Médias : Jacques Blaise Mvié condamné à cinq ans de prison ferme
Le tribunal militaire a prononcé la même peine contre Charles René Nwé, collaborateur de l’ex-Dp de la Nouvelle presse.
Par décision n°091 du 03 juin 2009 du tribunal militaire de Yaoundé, Jacques Blaise Mvié, l’ex- directeur de publication du journal La Nouvelle Presse, aujourd’hui directeur délégué du journal La Nouvelle et son rédacteur en chef Charles René Nwé ont été condamnés à cinq ans d’emprisonnement ferme. Les deux journalistes contre qui un mandat d’arrêt a été décerné à l’audience sont condamnés à payer 500 000Fcfa d’amende.
Joint au téléphone et réagissant à ce verdict du tribunal militaire, l’avocat des deux journalistes déclare : « Le procès s’est déroulé à huis clos, avec une célérité suspecte, sans aucun débat contradictoire. Les deux journalistes, explique Me Ndongo, n’ont jamais été convoqués aux audiences. C’est d’ailleurs à tout hasard qu’ils ont appris la nouvelle de leur condamnation. Je n’ai pas pu moi-même assisté à une seule audience jusqu’à la condamnation ce 03 juin. J’entends d’ailleurs relever appel de cette décision dès ce lundi matin, à défaut de faire opposition ».
Evoquant les chances de voir aboutir cette action en appel, Me Ndongo dit pouvoir « compter sur l’impartialité du juge civil qui devra statuer, en deuxième ressort, dans cette affaire, en dépit de la présence d’un assesseur militaire ».

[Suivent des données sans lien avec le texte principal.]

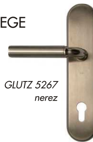
GLUTZ 5267 nerez
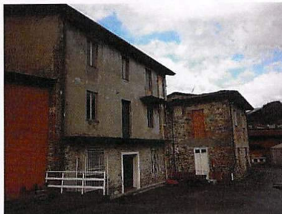
Mappale 4384 foto 4 di 4

Réagissant au téléphone sur cette condamnation qui le frappe, Jacques Blaise Mvié rappelle que tout a commencé avec la publication par La Nouvelle presse d’une série d’articles, notamment sur l’incendie de la poudrière du Quartier général du 18 février 2001 et sur la tentative de coup d’Etat d’octobre 2007. Il est, dans un premier temps, enlevé, confie-t-il, par des individus non identifiés le 03 mars 2008. Il sera nuitamment libéré par la suite dans des conditions rocambolesques et repris le lendemain par les éléments de la Sécurité militaire dans un snack-bar à Efoulan. Après avoir été tour à tour entendu par la Sécurité militaire et la Gendarmerie nationale, précise-t-il, une procédure judiciaire sécrète et expéditive sera engagée contre son rédacteur en chef et lui au tribunal militaire de Yaoundé, à l’insu des concernés. C’est cette procédure qui a débouché sur la condamnation du 03 juin dernier. Curieusement, rappelle le journaliste, un certain maréchal de logis chef, Jérémie Docko, présenté comme leur informateur, va également écoper de 04 ans d’emprisonnement ferme ».